Segment Start: Task material
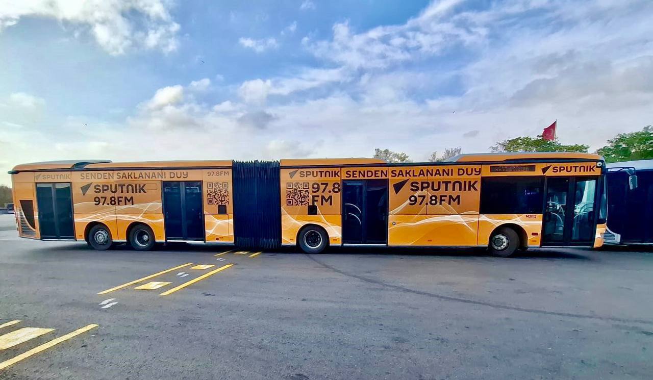 لوّنت هذه الحافلات باللون الأصفر الذي يميز شعار قناة "سبوتنيك"، وكتبت عليها تردد القناة على الراديو، كما كتبت عليها عبارة:"شغّل الصوت وستسمع ما أخفي عنك" وفقا لما ذكرته قناة Sputnik Türkiye على تليغرام.
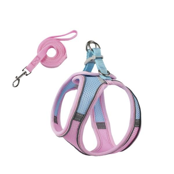 (PB:KS) 犬用 ハーネス 胴輪 抜けない リードセット 小型犬 ペット ベスト 中型犬 散歩 お出かけ 猫用 (ピンク×ブルー(メッシュ), L)
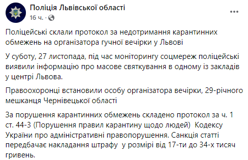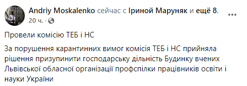 В понедельник, 29 ноября, первый заместитель мэра Львова Андрей Москаленко сообщил, что за нарушение карантинных требований комиссия ТЭБ и ЧС приняла решение приостановить хозяйственную деятельность Дома ученых, где проходила вечеринка.
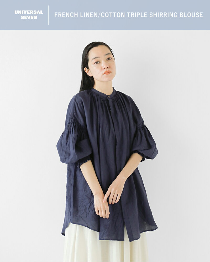 universal tissu ユニヴァーサルティシュ フレンチリネン / コットン トリプル シャーリング ブラウス ut241bl046-tr 2025ss新作レディース
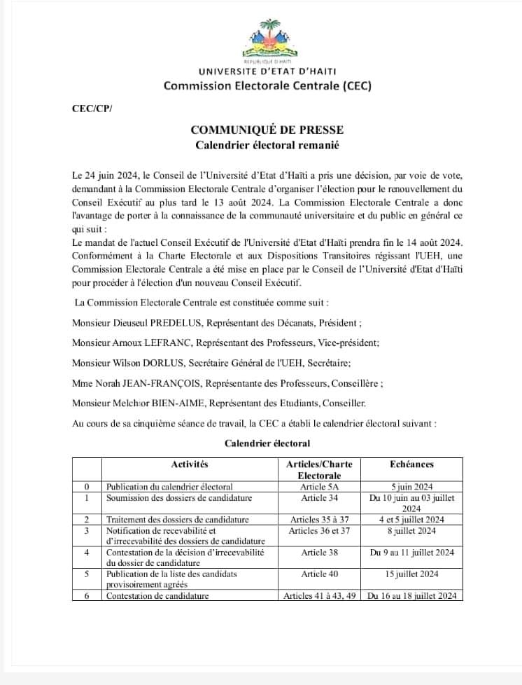 POLITIQUE CALENDRIER ÉLECTORAL REMANIÉ POUR LE RENOUVELLEMENT DU CONSEIL EXÉCUTIF DE L’UEH La Question Suivre sur Twitter Envoyer un courriel 25 juin 2024 Moins d’une minute Partagez l'infoLire aussi: Les malheurs d'Haïti de 1893-2022, rien n'a changé dans ce pays de misère noire Votre navigateur ne prend pas en charge la lecture des vidéos. TagsÉlections ueh La Question Suivre sur Twitter Envoyer un courriel 25 juin 2024 Moins d’une minute
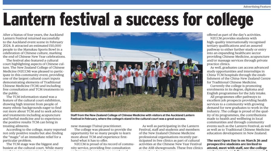 After a hiatus of four years, the Auckland Lantern Festival returned successfully to the Auckland event scene in February 2024. It attracted an estimated 150.000 people to the Manukau Sports Bowl in a celebration of Chinese culture, marking the end of Chinese New Year celebrations.The festival also featured a cultural court highlighting aspects of Chinese culture. The New Zealand College of Chinese Medicine (NZCCM) was pleased to participate in this...
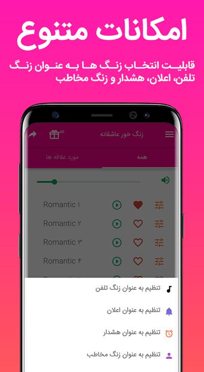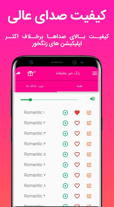 بیش از 50 زنگ خور جدید رمانتیک و عاشقانه برای گوشی اندرویدی شما .زیبا و لوکس با کیفیت صدای عالی. اگر از گشتن دنبال یه آهنگ زنگ خاص، زیبا و سنگین برای گوشیتون خسته شدید پس این اپلیکیشن زنگ خور عاشقانه رو امتحان کنید
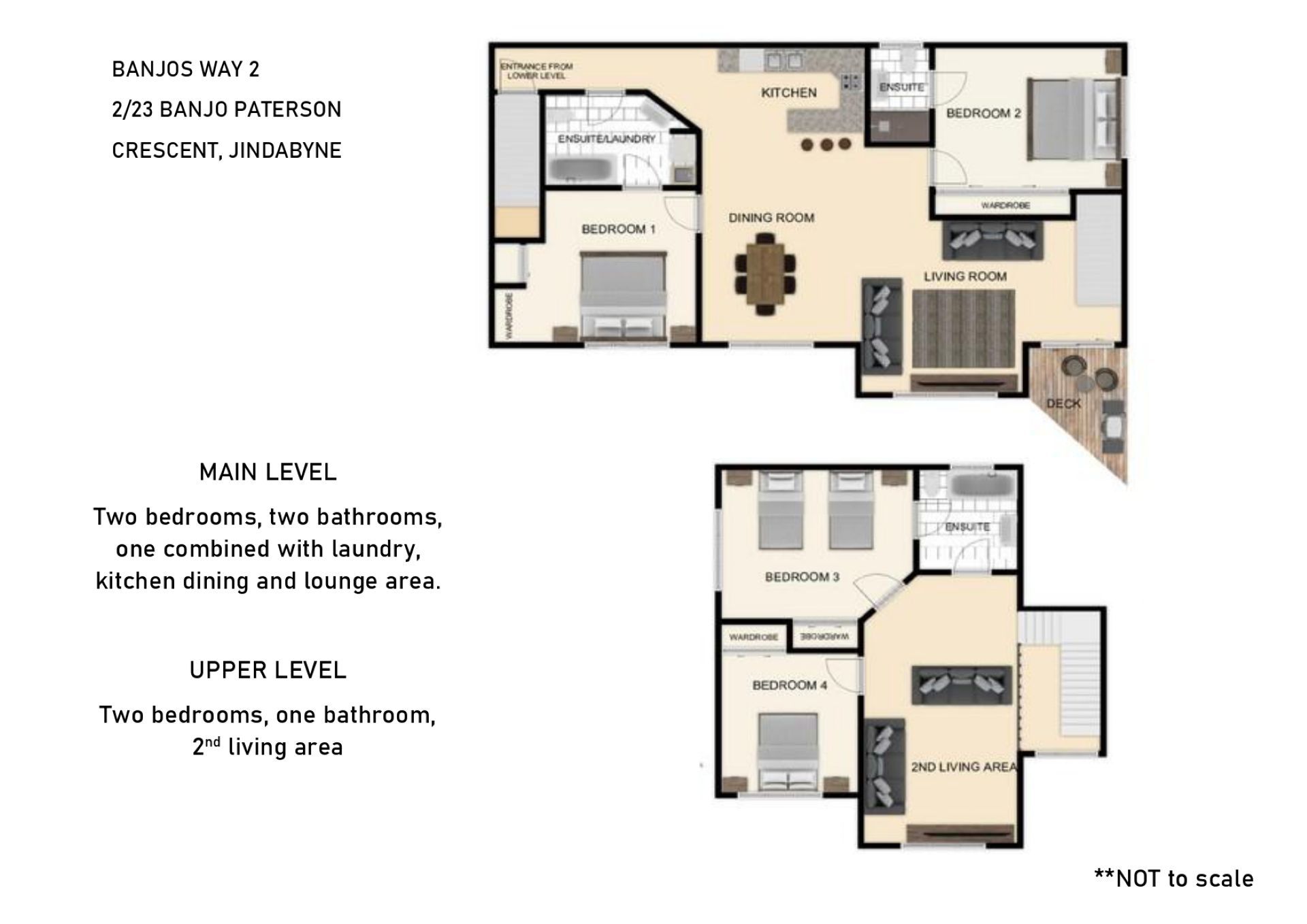 Banjo's Way 2 is a well appointed four bedroom, two living room duplex in a central Jindabyne location. The property is configured as 2 king beds which can be split into singles on request at time of booking, 2 singles that can be made as a king on request at time of booking, 1 double and a sofa bed in the lounge to sleep a total of 10 guests. This property has free Wi-Fi; Smart TV with Netflix available for guest use. Fully appointed open-plan living/dining and kitchen area and a BBQ out on the deck. There are three bathrooms, two with full baths, and underfloor heating and reverse cycle air conditioning throughout the property. Also provided for your convenience is a separate ski storage area and drying room.
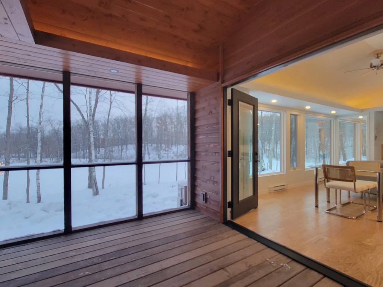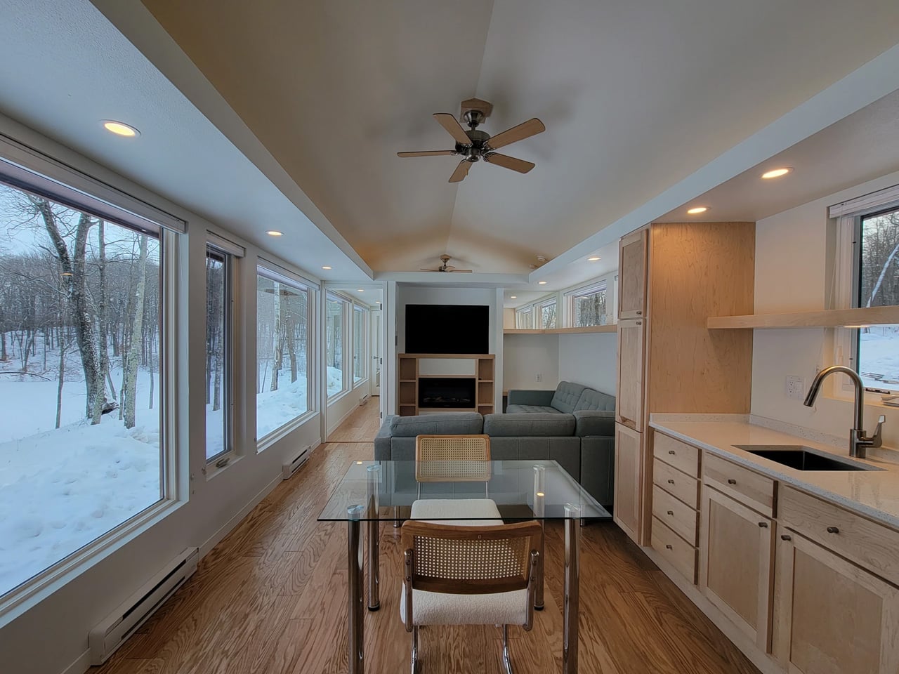 The name earns its keep on the exterior, too. The Shoreline Glass House features a light-filled interior thanks to 30 ft (9 m) of glazing running along one wall, flooding every corner of the home with natural light throughout the day. It’s a design move that blurs the line between inside and out, making the home feel anchored to its surroundings rather than sealed off from them. Entry is through a large enclosed porch, a smart buffer zone that expands the functional living area while adding that coveted semi-outdoor layer that tiny home dwellers often sacrifice first.
Segment End: Task material
Exercise requirements → Pictures excluded, repeat the material above from its first line through the line containing "universal tissu ユニヴァーサルティシュ", both included.

Task output →
 لوّنت هذه الحافلات باللون الأصفر الذي يميز شعار قناة "سبوتنيك"، وكتبت عليها تردد القناة على الراديو، كما كتبت عليها عبارة:"شغّل الصوت وستسمع ما أخفي عنك" وفقا لما ذكرته قناة Sputnik Türkiye على تليغرام.
 (PB:KS) 犬用 ハーネス 胴輪 抜けない リードセット 小型犬 ペット ベスト 中型犬 散歩 お出かけ 猫用 (ピンク×ブルー(メッシュ), L)
 В понедельник, 29 ноября, первый заместитель мэра Львова Андрей Москаленко сообщил, что за нарушение карантинных требований комиссия ТЭБ и ЧС приняла решение приостановить хозяйственную деятельность Дома ученых, где проходила вечеринка.
 universal tissu ユニヴァーサルティシュ フレンチリネン / コットン トリプル シャーリング ブラウス ut241bl046-tr 2025ss新作レディース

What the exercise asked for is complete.